If you'd like to use lineflow with AllenNLP:

pip install "lineflow[allennlp]"

Also, if you'd like to use lineflow with torchtext:

pip install "lineflow[torchtext]"

Basic Usage

lineflow.TextDataset expects line-oriented text files:

import lineflow as lf


'''/path/to/text will be expected as follows:
i 'm a line 1 .
i 'm a line 2 .
i 'm a line 3 .
'''
ds = lf.TextDataset('/path/to/text')

ds.first()  # "i 'm a line 1 ."
ds.all() # ["i 'm a line 1 .", "i 'm a line 2 .", "i 'm a line 3 ."]
len(ds)  # 3

lineflow with PyTorch, torchtext, AllenNLP

You can find more examples here.

PyTorch

You can check full code here.

...
import lineflow as lf
import lineflow.datasets as lfds

...


if __name__ == '__main__':
    train = lfds.SmallParallelEnJa('train')
    validation = lfds.SmallParallelEnJa('dev')

    train = train.map(preprocess)
    validation = validation.map(preprocess)

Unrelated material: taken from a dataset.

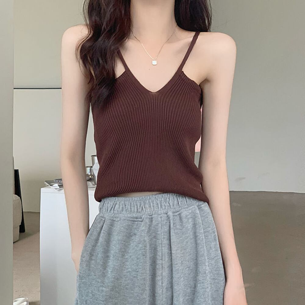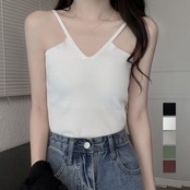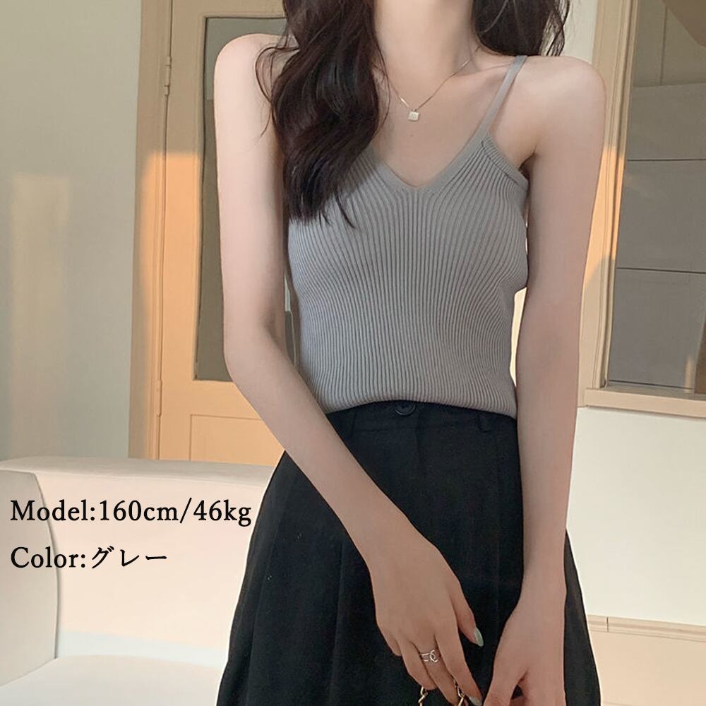 サマーニット きれいめ ニットキャミソール リブ編み 重ね着 インナーニット 伸縮性 着やせ 韓国風 肌見せ セクシー

    en_tokens = lf.flat_map(lambda x: x[0],
                            train + validation,
                            lazy=True)
    ja_tokens = lf.flat_map(lambda x: x[1],
                            train + validation,
                            lazy=True)

    en_token_to_index, _ = build_vocab(en_tokens, 'en.vocab')
    ja_token_to_index, _ = build_vocab(ja_tokens, 'ja.vocab')

    ...

    loader = DataLoader(
        train
        .map(postprocess(en_token_to_index, en_unk_index, ja_token_to_index, ja_unk_index))
        .save('enja.cache'),
        batch_size=32,
        num_workers=4,
        collate_fn=get_collate_fn(pad_index))

torchtext

You can check full code here.

...
import lineflow.datasets as lfds


if __name__ == '__main__':
    src = data.Field(tokenize=str.split, init_token='<s>', eos_token='</s>')
    tgt = data.Field(tokenize=str.split, init_token='<s>', eos_token='</s>')
    fields = [('src', src), ('tgt', tgt)]
    train = lfds.SmallParallelEnJa('train').to_torchtext(fields)
    validation = lfds.SmallParallelEnJa('dev').to_torchtext(fields)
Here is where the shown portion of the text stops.